We offered a Banana cake for those with sweet teeth and Chloe offered to cook dinner for the cool kids. That was us, of course, them, and Yankee Doodle John. As we sat down in a circle around the mighty Unimog it started to rain again and all eyes were on us. We did have the bigger awning, so the fantastic five moved the ten meters across the camp site to our vehicle and continued the hilarious and useless philosophising and chatting we had started earlier in the day.
Hours before bed time Catt and I made perfect peace with the fact that we were unlikely to move anywhere the next day. It was simply too easy and too much fun to stay in the big garden in the big city in Africa.

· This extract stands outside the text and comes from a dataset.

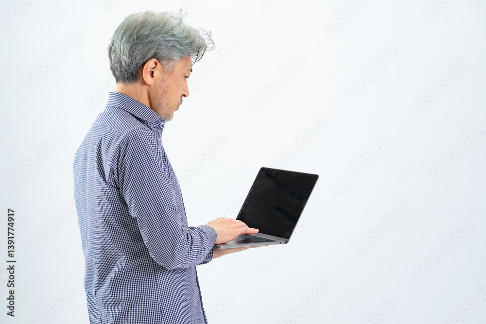 ノートパソコンを使うシニア男性の後ろ姿の全身写真

If I had to do it over again:
It probably would have been a good idea to replace the battery before we went to the Mara. Then again, I really thought that the problem lay with the split charging system and not the battery.
Although the Hyena camp was a really nice experience and we saved on accommodation cost after paying the normal park fees, I would have liked to visit the Conservancy side of the Mara instead of the Game Park side. Perhaps we will still do that, if we ever leave Jungle Junction.
The rest of the week was fantastic and we both feel pretty refreshed and happy to have met such incredible people we have been having so much fun with!